In the matlab's example, it use a custom layer for the actor called: "fullyConnectedPILayer", the description says:
"Gradient descent optimization can drive the weights to negative values. To avoid negative weights, replace normal fullyConnectedLayer with a fullyConnectedPILayer. This layer ensures that the weights are positive by implementing the function Y=abs(WEIGHTS)∗X. This layer is defined in fullyConnectedPILayer.m."
So, the two weights always suppose to be positive, but after training, my actor network has a negative weight value (negative ki = -0.0057) and a positive weight value (Kp = 0.0455). Also, in the same example, it says:
"The integral and proportional gains of the PI controller are the absolute weights of the actor representation. To obtain the weights, first extract the learnable parameters from the actor."
And it uses the abs function to get the weigths, so it doesn't make any sense to use the custom layer "fullyConnectedPILayer", because the actor network can generate negative weights.
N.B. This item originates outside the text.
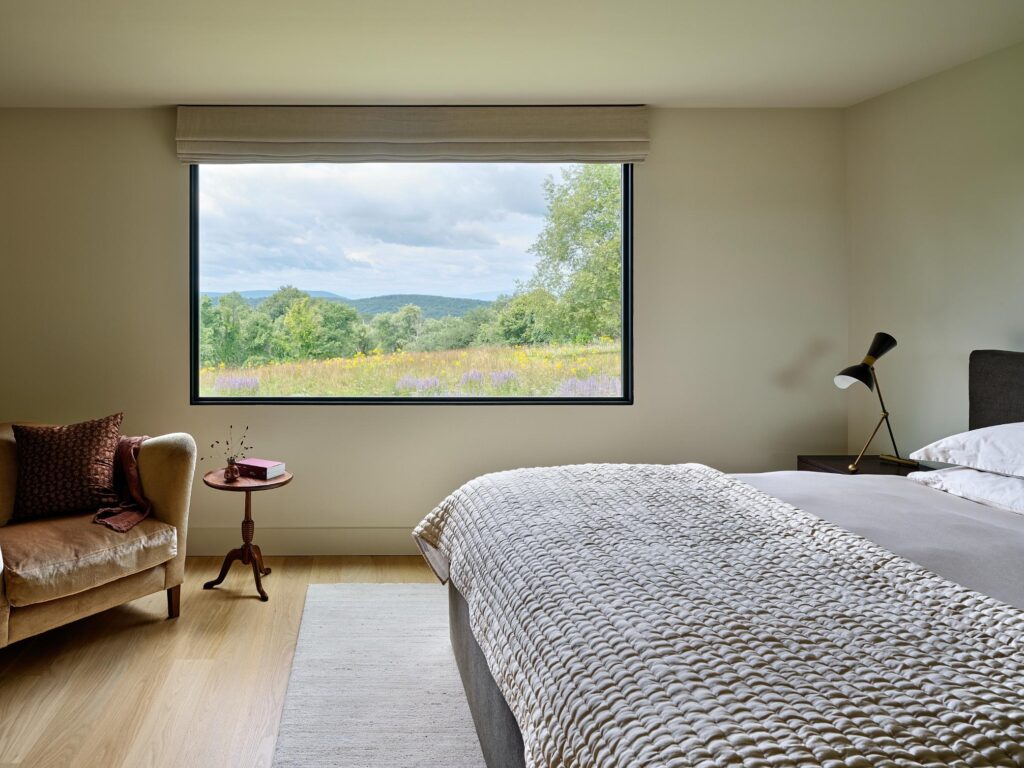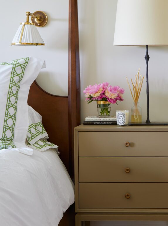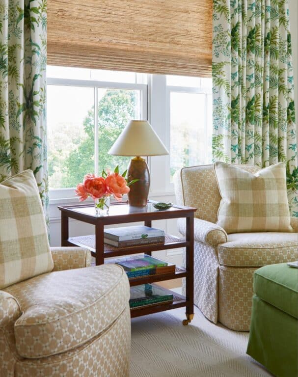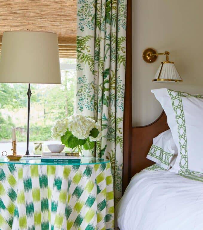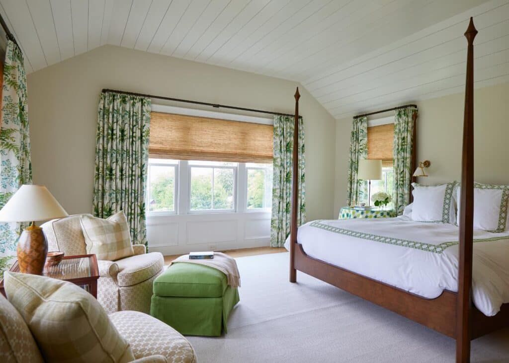 Designer Claudia Kalur at CFK Interiors based in Washington, CT, couldnโ€™t help but use the tree- and fern-filled property of her Litchfield Hills, CT, clients as the inspiration for the serene bedroom she designed for them as part of a new build with architect David Hottenroth. The house was framed over the winter, so when spring came and Kalur began having on-site meetings in spring when everything became lush and green, the objective became clear. โ€œConnecticut winters can be long, so the goal was to bring the outdoors in and prolong the spring and summer seasons,โ€ says Kalur. Blues and greens accent a palette of neutrals, creating โ€œa sense of belonging and calm.โ€ A classic four-poster bed is the leading element, set off by crisp white linens with green embroidery and framed by brass sconces. โ€œOnce we had decided on the design direction (both bring in the outdoors and the color green), finding the right fabric was key,โ€ says Kalur. She chose a fern-filled Colefax & Fowler fabric for the drapes and a colorful Quadrille table skirt with blues and green brush strokes, but kept rest calmer and about texture, in keeping with biophilic theme. โ€œThis is seen in the textured green linen ottoman, the tone-on-tone cream chenille of the chairs, the wool sisal rug from Merida, the vintage clay lamp and the woven bamboo shades,โ€ adds Kalur.

the code of the layer is as follows:
classdef fullyConnectedPILayer < nnet.layer.Layer
function obj = fullyConnectedPILayer(Weights,Name)
obj.Name = Name;
obj.Description = "fullyConnectedNonNegWeightLayer";
obj.Weights = Weights;
function Z = predict(obj, X)
Z = fullyconnect(X, abs(obj.Weights), 0, 'DataFormat','CB');
The code for my actor network is exactly the same as the example:
initialGain = single([1e-3 2]);
actorNetwork = [
actorOptions = rlRepresentationOptions('LearnRate',1e-3,'GradientThreshold',1);
actor = rlDeterministicActorRepresentation(actorNetwork,obsInfo,actInfo,...
I don't know why it generates a negative weight if I'm using this custom layer.